Because China is so dependent on exports, it cannot afford to let its currency appreciate at a steeper pace and hurt its manufacturers. Premier Wen Jiabao acknowledged last year that China's economic development "still lacks balance, coordination and sustainability". A sudden increase in the yuan's value would bring "disaster" to China, he warned. "Factories will shut down and society will be in turmoil."

It's not an exaggeration. Relatively small price changes could convince companies to move production elsewhere while China has hundreds of millions of people still living in poverty who want factory jobs.

Also under Obama's watch, indeed, his personal direction, the United States government bailed out ailing automakers, banks and insurance companies which it deemed "too big to fail". Yet it criticizes China for seeking to create "national champions" in particular industries with public financial support. Granted, the Chinese method is permanent but the outcome is the same - protected industries that have an unfair advantage over their foreign competitors.

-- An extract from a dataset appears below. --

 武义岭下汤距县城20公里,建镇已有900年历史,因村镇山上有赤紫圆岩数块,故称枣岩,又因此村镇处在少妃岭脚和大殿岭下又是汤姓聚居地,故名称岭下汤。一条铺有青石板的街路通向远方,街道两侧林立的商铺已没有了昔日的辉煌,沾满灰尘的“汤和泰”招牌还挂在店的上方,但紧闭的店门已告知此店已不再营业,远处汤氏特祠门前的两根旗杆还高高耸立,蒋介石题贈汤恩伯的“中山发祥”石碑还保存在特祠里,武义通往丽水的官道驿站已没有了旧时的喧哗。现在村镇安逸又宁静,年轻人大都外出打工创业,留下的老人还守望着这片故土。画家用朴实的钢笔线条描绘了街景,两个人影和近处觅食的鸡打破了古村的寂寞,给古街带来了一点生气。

Obama and Romney both lament China's inadequate legal protection of international investment and complain that it shields entire sectors of its economy from foreign enterprise. The Chinese legal system is unable to guarantee the sanctity of contracts while regulations can be arbitrarily enforced and subject to political interference but both countries deter foreign investment with legal restrictions and superfluous red tape.

Obama and Romney like to talk of creating a "level playing field", but just as China prohibits investment in critical industries, the United States does not allow foreign sales of high technology and weapons so China must do business with Europe and Russia.

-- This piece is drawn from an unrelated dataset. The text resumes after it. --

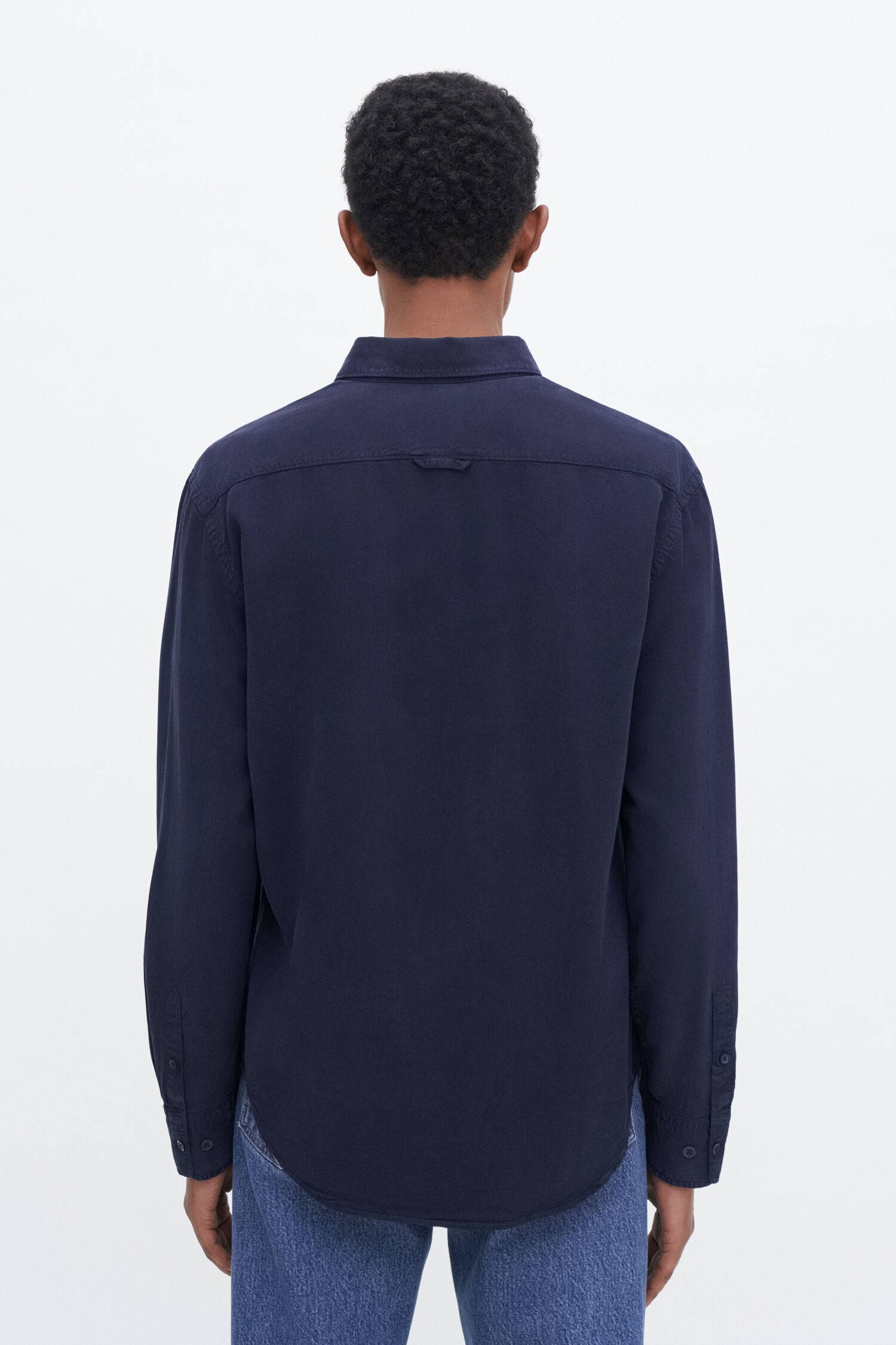 Zachary Shirt har en avslappnad passform i marinblå TENCEL™-lyocell, en mjuk fiber från Lenzing som skapats från trämassa. Den har synliga sömmar och en påsydd ficka med knapp. Kombinera den med skräddarsydda byxor eller avslappnat med denim. Det här plagget är en del av vår Core Collection: permanenta stilar designade med de väsentliga delarna av en basgarderob i åtanke.

Little wonder than Vice President Xi Jinping, Hu Jintao's likely successor, told the Chamber of Commerce in Washington DC last week that America should be "lifting restrictions on high-tech exports to China and providing a level playing field for Chinese firms investing in America" as well.

It seems the leaders of both nations want the same but the measures they propose to enact would not accomplish a freer business climate. To the contrary, Obama would penalize American companies that collaborate in Chinese attempts to "steal" their jobs and Romney vows to punish China for "cheating" the system.

Both urge China to "play by the rules". China is left wondering why it should abide by rules it had no part in writing - rules that only seem to apply, moreover, when American interests are threatened.

Nick Ottens is an historian from the Netherlands and editor of the transatlantic news and commentary website Atlantic Sentinel. He is also a contributing analyst with the geopolitical and strategic consultancy firm Wikistrat.